- _Dataset extract_:
┄┄┄┄┄┄┄┄┄┄┄┄┄┄┄┄┄┄┄┄

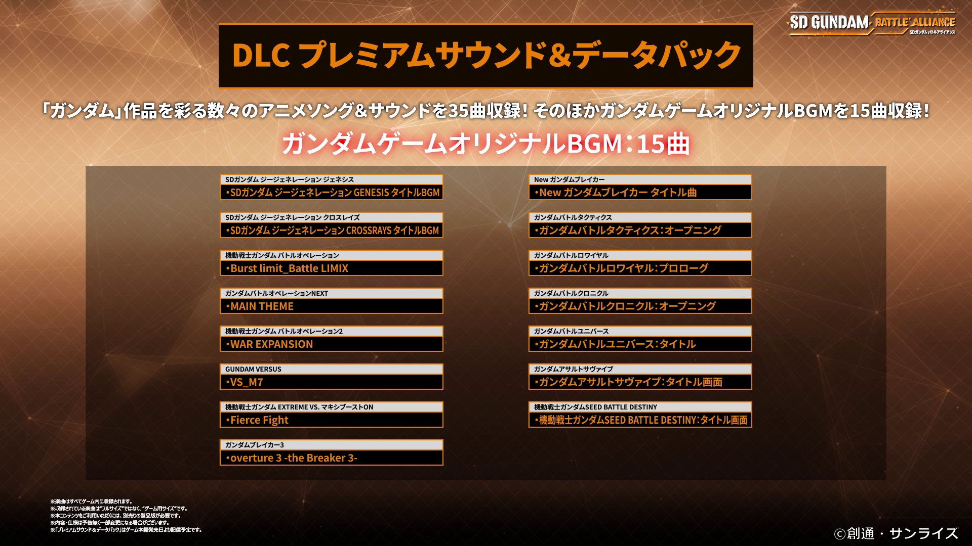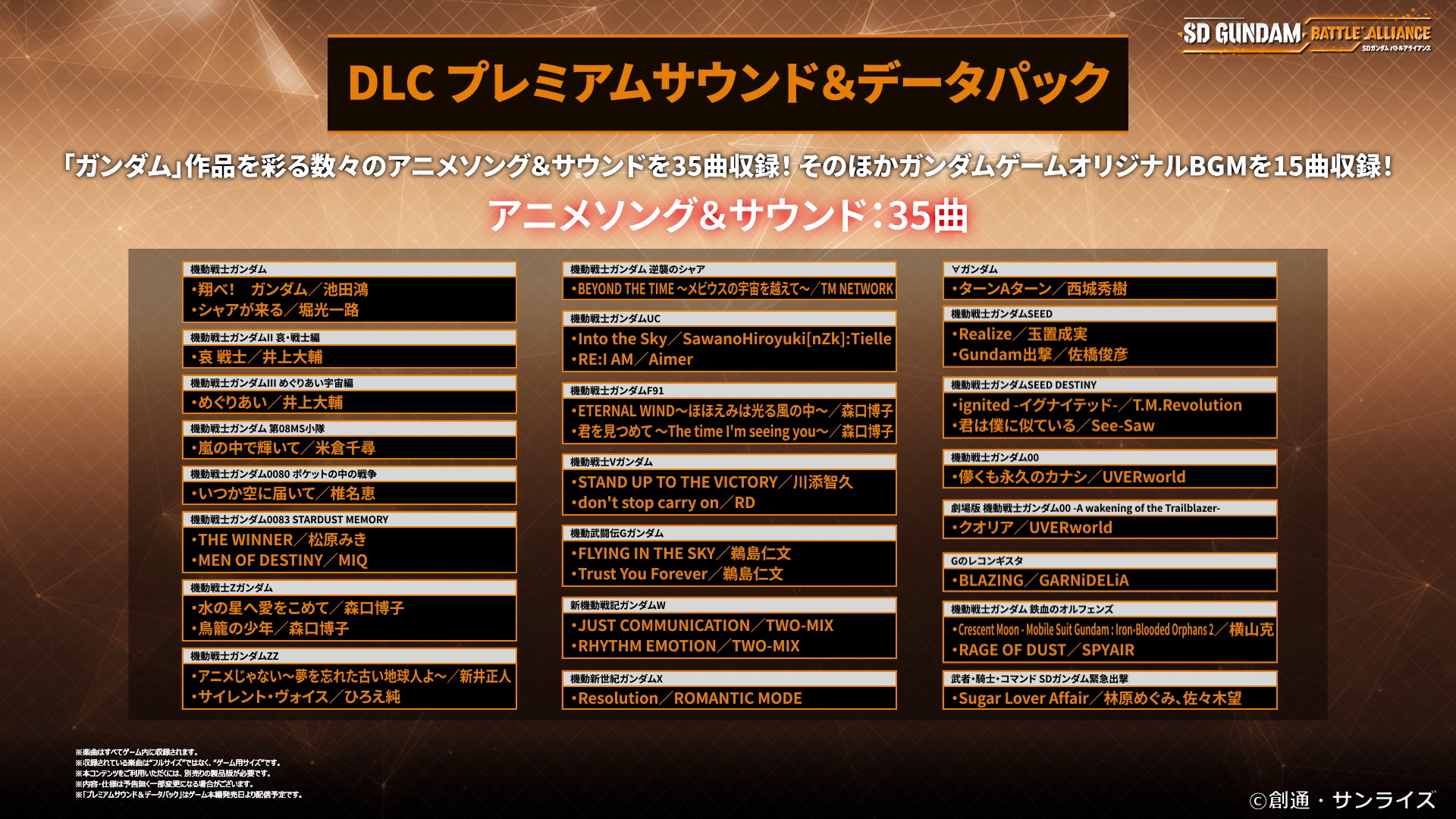※「プレミアムサウンド&データパック」、「シーズンパス」は単品でも販売予定です。重複購入にご注意ください。
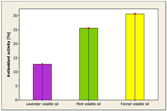 Initially, we tested the antioxidant activity of the volatile oils obtained from their extraction from plants harvested from authorized crops in Sibiu, Romania. The highest value of the antioxidant activity of pure volatile oils belongs to the volatile oil of fennel, followed by the volatile oil of mint, and the lowest value belongs to the volatile oil of lavender. Three spectrophotometer readings were taken for each volatile oil.
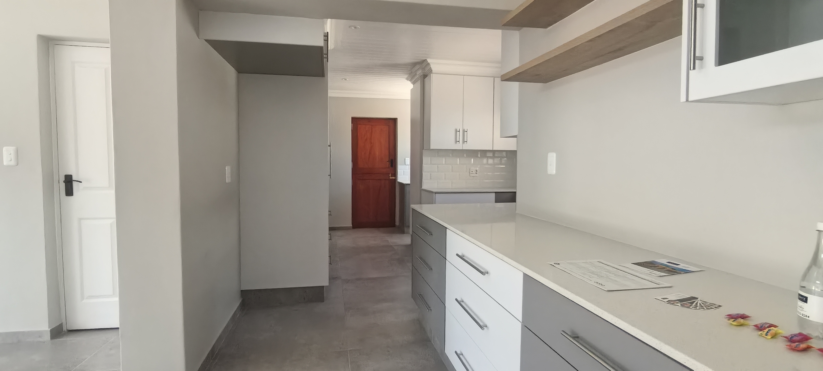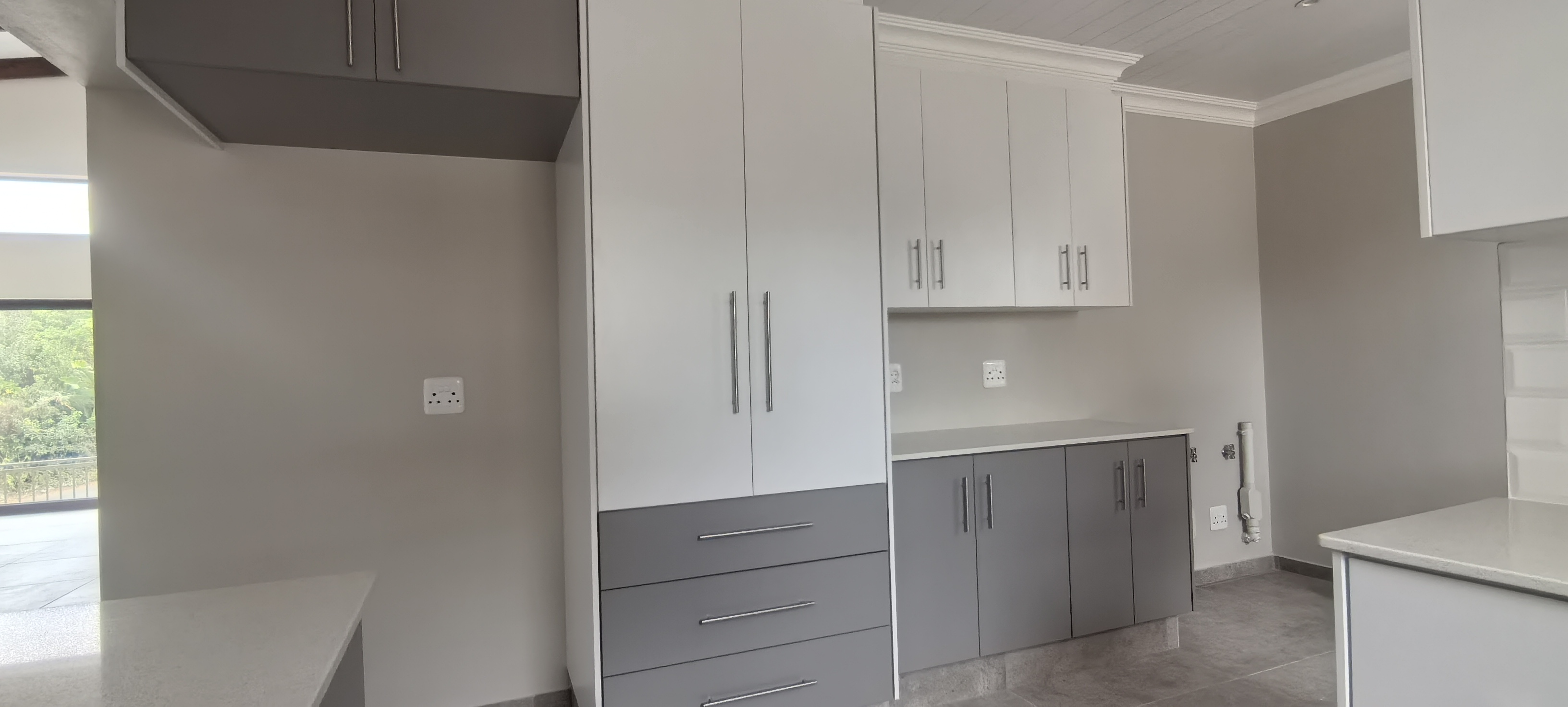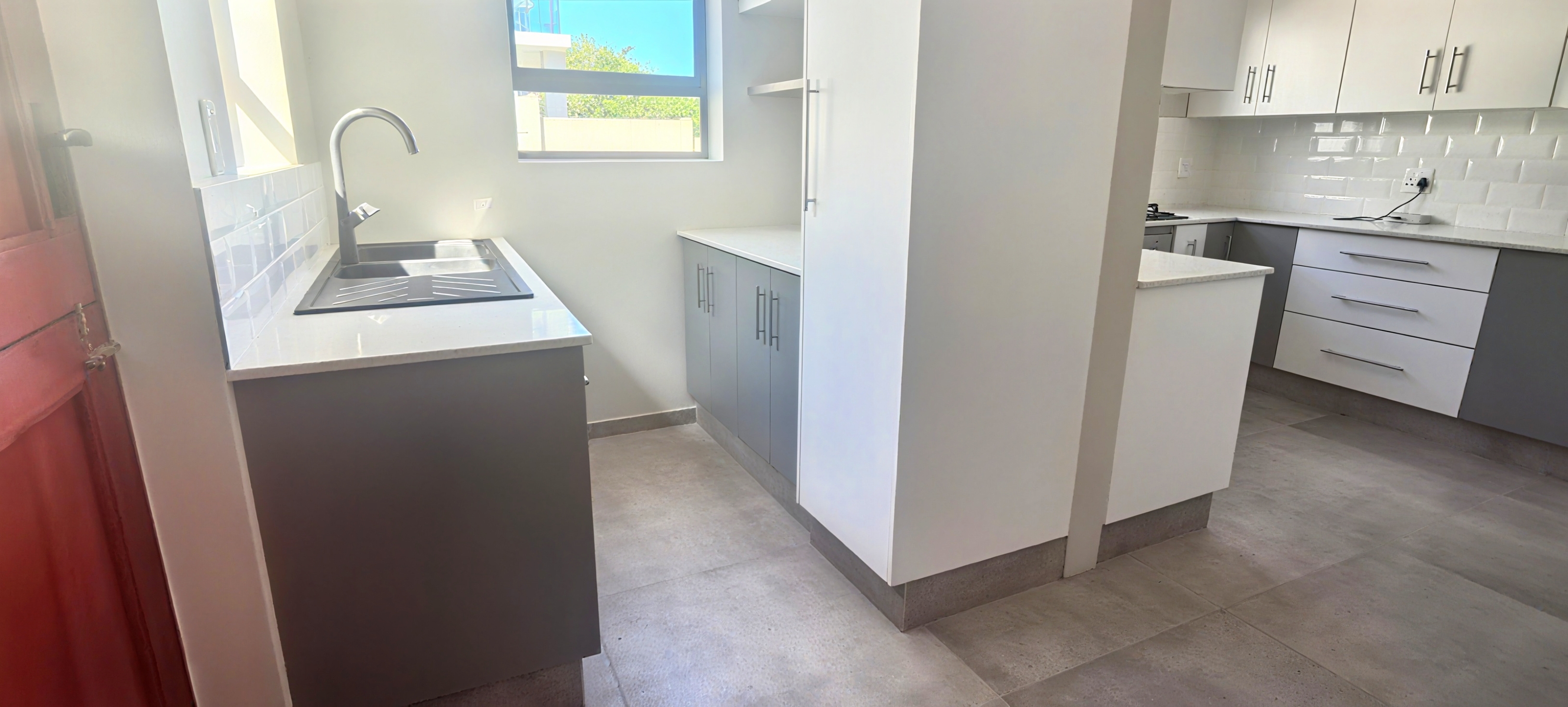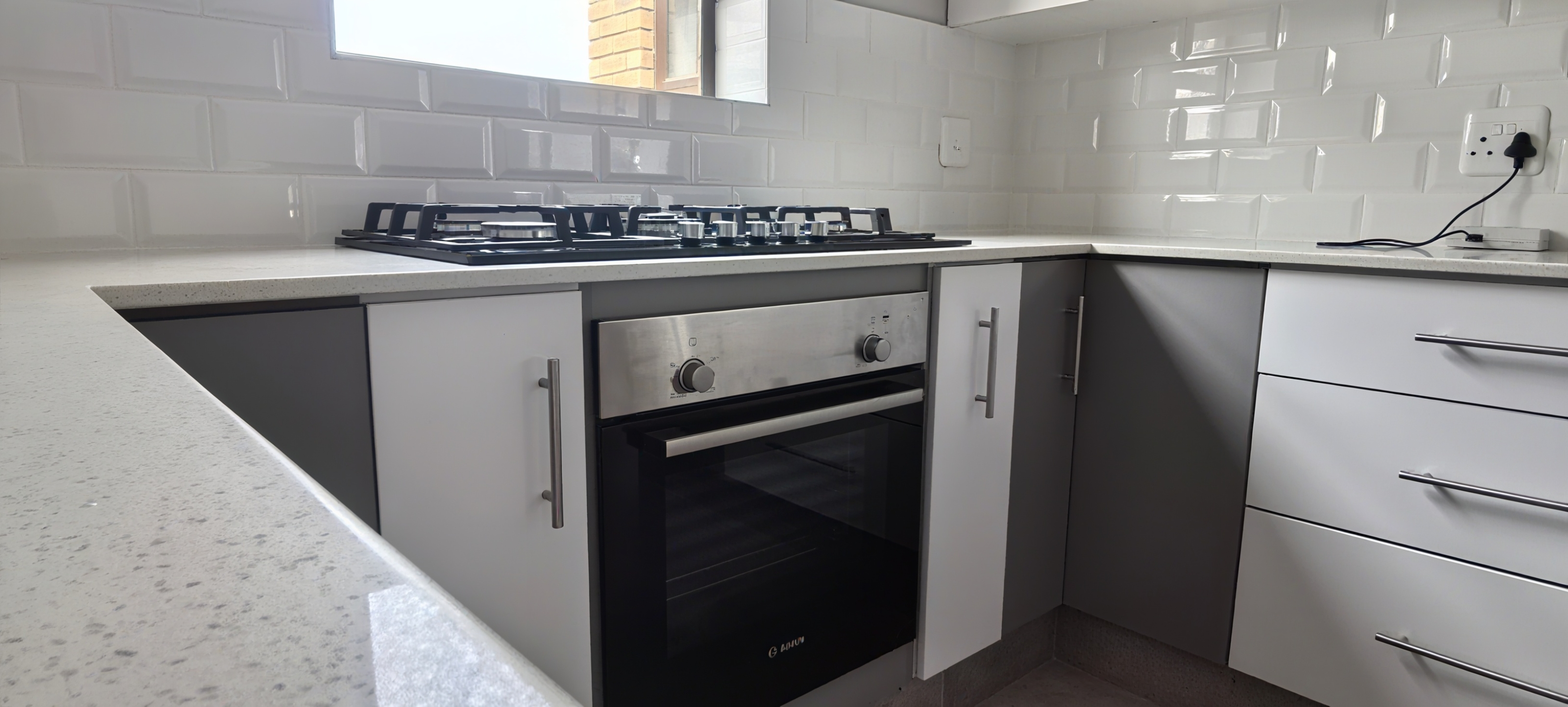 Contemporary Kitchen – Equipped with a gas hob, electric oven, and abundant cupboard space, plus a separate scullery with plumbing for both dishwasher and washing machine.

┄┄┄┄┄┄┄┄┄┄┄┄┄┄┄┄┄┄┄┄

- _Requirement_:
Would you copy, exactly, each line from the start of the listing above through the line with "Initially, we tested", both ends included, but none of the pictures?

- _Solution below_:
※「プレミアムサウンド&データパック」、「シーズンパス」は単品でも販売予定です。重複購入にご注意ください。
 Initially, we tested the antioxidant activity of the volatile oils obtained from their extraction from plants harvested from authorized crops in Sibiu, Romania. The highest value of the antioxidant activity of pure volatile oils belongs to the volatile oil of fennel, followed by the volatile oil of mint, and the lowest value belongs to the volatile oil of lavender. Three spectrophotometer readings were taken for each volatile oil.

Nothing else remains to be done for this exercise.